|Helix pants in red ponte|
My *makes* at Sew Kansas were fun and simple. I find that during such an intensive sewing experience, I become overwhelmed and mistakes (many) follow. So I knew to aim low. This eliminates some stress and makes me more open to learning.
- The first day I made a pair of Helix pants in black ponte knit. (sorry, no pix of black)
- The second day I browsed. And shopped. And enjoyed.
- The third day I made a simple knit top - the Eureka. I used three rayon jersey fabrics for it.
Each day began with a lecture/demo by Linda. And throughout the days, we took breaks for short demos as well as private consultations with Linda, Kathy and Erin. Linda also allowed us to trace off a future pattern - the Tremont jacket. It is a beautiful style and I cannot wait to make it.
I had seen this pattern on various people and was fairly certain I would like it. It is a pull-on pant that requires a knit fabric with at least 25% stretch. Although it has elastic at the waist, the overall effect is completely smooth. This is achieved with darts in the front and back, as well as the waistband treatment.
Linda had all the sizes made up, so I was able to try on *my* size and then Linda told me how to alter it for a great fit. I fixed the pattern tissue and cut out my first pair in black. This ponte is one of those nice beefy stable knits mostly rayon, and no polyester. Perfect for these pants. I also bought red ponte knit from Linda Lee, but decided to wait to make the 2nd pair at home.

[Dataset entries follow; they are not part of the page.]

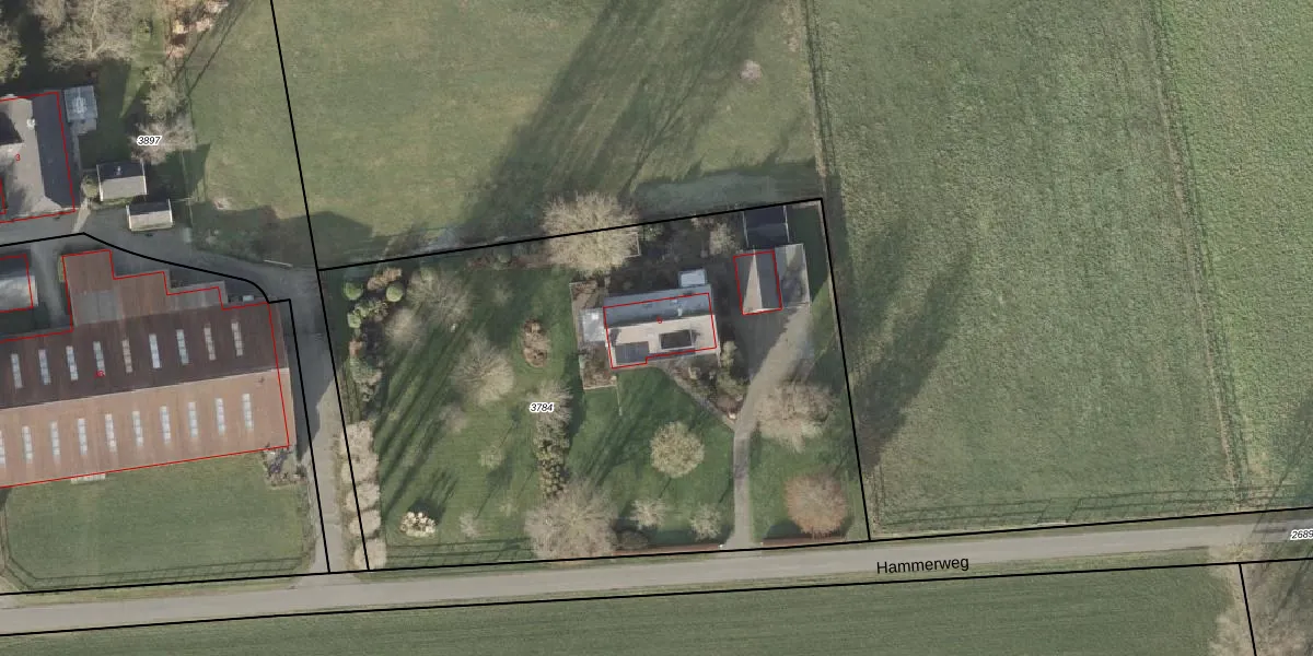 Het perceel waarop Hammerweg 5 staat heeft een oppervlakte van 3775 m². Dit is een zeer groot perceel. De perceeloppervlakte wordt geregistreerd door het Kadaster. Gedetailleerde informatie over de maten van dit perceel kunt u vinden in het rapport Kadastrale kaart met maatvoering van Hammerweg 5.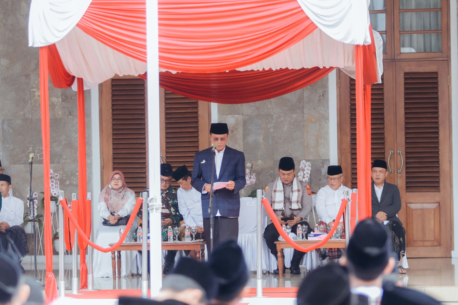 Bupati Herdiat mengawali sambutannya dengan mengajak seluruh peserta mendoakan korban tragedi di Pesantren Al-Khoziny, Sidoarjo, Jawa Timur.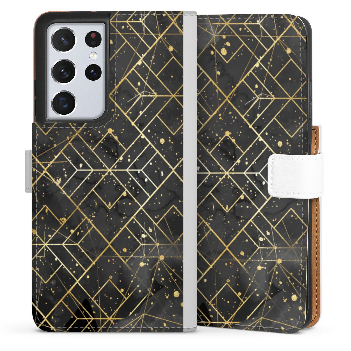 For our Sideflip Case we are using our advanced direct printing technology. The back and frontside are fully printabale, the inside of the phone bag is left unprinted. You can order the phone case without print, printed completely or also with a partial print.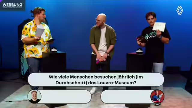 04:45:57Nach der ersten Kategorie folgt ein Bilder-Rätsel, bei dem es darum geht, Orte oder Objekte auf unscharfen Bildern zu erkennen, die allmählich schärfer werden. Wer zuerst buzzert und richtig antwortet, erhält einen Punkt. Bei einer falschen Antwort ist die Runde für den betreffenden Spieler beendet. Gesucht wird zunächst ein Gebäude, und Marcel buzzert mit dem Eiffelturm, was jedoch falsch ist. Brammen antwortet mit Notre Dame und liegt richtig. Im nächsten Durchgang wird ein Ort gesucht, und Brammen erkennt Monaco. Es steht nun eins zu eins. In Runde drei sollen Personen erraten werden. Brammen löst das Rätsel und nennt Asterix und Obelix. Es steht 2 zu 1 für Brammen. Es folgt eine weitere Runde, in der entweder ein Objekt oder ein Ort erkannt werden soll. Marcel und Brammen liegen beide mit ihren Antworten falsch. Gesucht war eine Ariane 5-Rakete. In Runde 5 wird wieder ein Objekt gesucht. Brammen antwortet mit Eiffelturm und liegt richtig. Es steht 2 zu 2 und es kommt zum Stechen. Gesucht wird ein Ort. Brammen antwortet mit Sacré-Cœur und liegt falsch. Marcel antwortet mit Paul Ricard und liegt richtig. Marcel gewinnt diese Kategorie. Es steht 1 zu 1. In der dritten Kategorie folgen Schätzfragen. Die erste Frage lautet, wie viele Menschen jährlich das Louvre Museum besuchen. Marcel schätzt 10 Millionen und liegt damit richtig. Die nächste Frage ist, in welchem Jahr der Renault 4 erstmals vorgestellt wurde. Brammen schätzt 1964 und liegt mit seiner Antwort näher an der richtigen Antwort (1961) als Marcel. Es steht eins zu eins. In Runde 3 wird geschätzt, wie viele Kilometer die Fahrer bei der Tour de France 2025 zurücklegen werden. Brammen liegt mit seiner Schätzung näher an der richtigen Antwort. Es steht 2 zu 1 für Brammen. Es folgt die Frage nach dem Preisgeld beim französischen Tennisturnier Roland Garros. Marcel liegt mit seiner Schätzung näher an der richtigen Antwort. Es steht 2 zu 2. In der letzten Frage geht es um das Jahr, in dem die französische Revolution begann. Marcel liegt mit seiner Antwort näher an der richtigen Antwort. Marcel gewinnt diese Kategorie.

Once home I cut out and made the red pair. During the workshop I asked Linda if she would ever make (and wear) a pair of red pants. She responded "Of course!" OK so I'm in love with these red pants.
|Easy casual finish.|
The Helix pattern also has an interesting Tee, too hot for now.
The Eureka Top:
OK, true confession. When this came out, I was underwhelmed. But I had a green-eggs-and-ham moment and now I am quite fond of it. Like the helix pants, it is a great basic. It is styled with cuffs tacked up, but I like it better with the cuffs down. I may lengthen and use it as a layering piece during cooler weather. For now, it is just right. Yes, I like the Eureka top.
The directions for the neckline create a nice finish, I think.

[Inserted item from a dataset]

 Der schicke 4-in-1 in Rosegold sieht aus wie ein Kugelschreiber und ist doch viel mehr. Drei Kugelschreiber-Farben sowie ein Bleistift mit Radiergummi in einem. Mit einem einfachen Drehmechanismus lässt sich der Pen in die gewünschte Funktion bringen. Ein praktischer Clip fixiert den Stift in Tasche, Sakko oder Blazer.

Now I know to use my walking foot with jerseys. This stops fabric creep that dashes any hope for matched stripes at the seams. It also makes it easier to machine stitch a hem without rippling.
This top does not require fabric with any stretch so I will likely make it in a woven fabric next.
My current project is a very old Sewing Workshop pattern - the Spring St pattern. You may remember it. It has a flat open collar with key holes, as well as an easy and interesting fold over closure at the wrist. The shoulders are a little dropped so I'm trying to adjust that a bit.
So what's going on in your sewing room?